For the very first time, stakeholders of plastic products, microplastics and microbeads came into one common platform to share their views and opinions about microplastic pollution. The key point of discussion was how to eliminate microbeads, thus minimizing the global microplastic debris.
A huge gathering of health and environmental experts, government representatives, stakeholders, academicians, and mass people encouraged the ban of microplastic, especially microbeads in a ‘Knowledge Sharing Consultation with Stakeholders on Microplastic Pollution in the Bay of Bengal’ to make people, especially the stakeholders aware about the emerging pollution threat from microbeads.
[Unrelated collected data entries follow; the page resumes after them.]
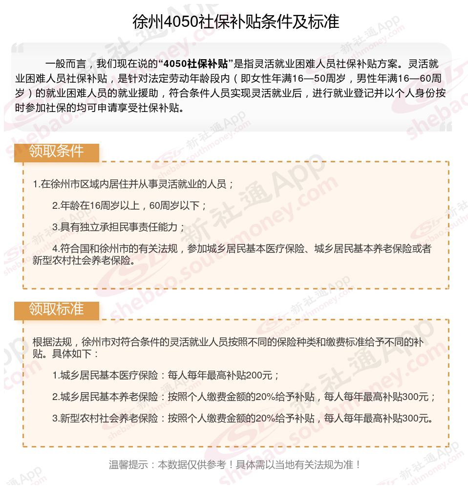 一、徐州灵活就业4050社保补贴标准和条件是什么?
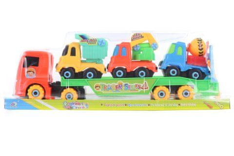 Plastični tovornjak z vijaki in tremi gradbenimi stroji. Dimenzije tovornjaka približno 39 × 9 × 7 cm. Velikost avtomobilov približno 9,5 × 9,5 × 6 cm. Velikost paketa približno 43 × 15,5 × 10 cm. Starost 3+
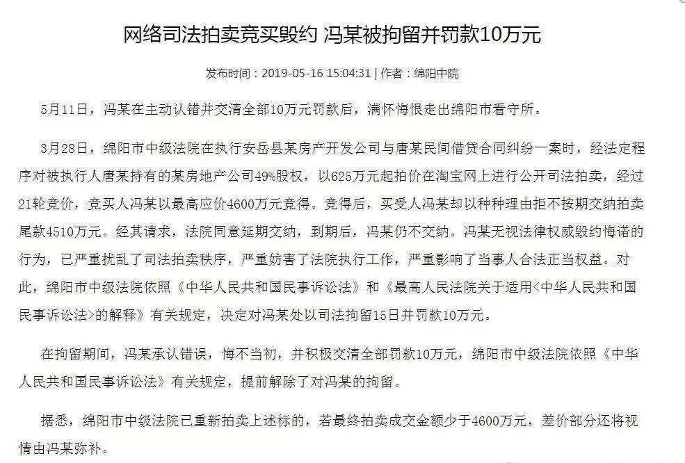 也就是说,假如上述司法拍卖最终交易成功,而买受人逾期无法支付,那就可能面临巨额债务的执行风险,甚至是牢狱之灾。
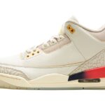Buty Air Jordan 3 x J Balvin Medellin Sunset wyróżniają się żywą i energetyczną kolorystyką, inspirowaną zachodem słońca w Medellín. Główne odcienie to intensywne pomarańcze i różowe, które przechodzą w złote akcenty, tworząc efekt gradientu. Dodatkowo, detale w kolorze zielonym i niebieskim dodają orzeźwiającego kontrastu. Całość uzupełniają charakterystyczne wzory i symbole, co sprawia, że buty są nie tylko stylowe, ale także pełne emocji i ekspresji.
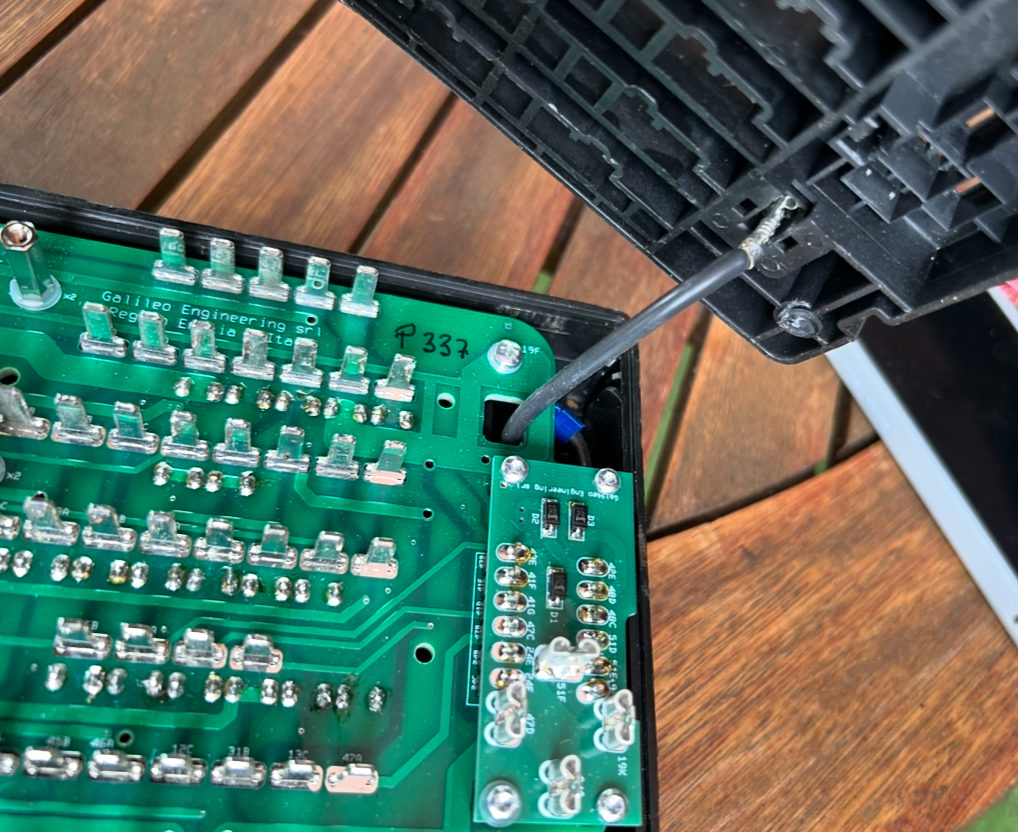 La Biturbox est livrée avec un guide précis d’installation, en français qui plus est (malgré le titre en anglais). Cette face sera celle tournée vers l’habitacle, sous la boite à gants. Le fil noir à droite est la masse.

The event was organized by Environment and Social development Organization-ESDO at Four Seasons Restaurant, Sat Masjid Road, Dhanmondi, Dhaka.
A video documentary was shown in the event followed by a power point presentation showing the study findings and survey results of ESDO on the current situation of the use of microbeads as well as the level of awareness among consumers and retailers in Bangladesh. It was very unfortunate that among 200 retailers surveyed, only a percent had idea about microplastic or microbeads.
Microplastics is used as a collective form to describe particles measuring less than 5 mm. Microplastics can be categorized into two types : those which are generated from larger plastic particles as a result of fragmentation and those which are generated intentionally as microbeads. Whatever the sources are, at present microplastics pollution is of increasing concern throughout the world.
Md. Billal Hossain appreciated ESDO’s initiative as it is the first organization in Bangladesh who has taken such an initiative to address the pollution from microbeads in Bangladesh. He said, “globally anti-plastic campaign has started in a wide magnitude whreas Bangladesh has not made such progress so far. It is high time to sort out the microplastic added products and to move forward with the solution thereby.
Khondoker Mostafizur Rahman said, “though microplastic pollution is a global problem we should first think from Bangladesh perspective. As Bay of Bengal is the most significant asset of Bangladesh, we should work together to protect it from plastic trashes. To reduce microplastic trashes in ocean and land the complete elimination of microbeads from personnal care products is inevitable.”
Dr. Shahriar said, “The British government has banned the production of microbeads in rinse-off cosmetics and cleaning products in England. The ban on production took effect on 9 January 2018 and will be followed by a sales ban on 1 July 2018. Bangladesh is not the producer of microbeads rather importer. So it would be easy for Bangladeshi Government to call a ban on microbeads in personal care products”.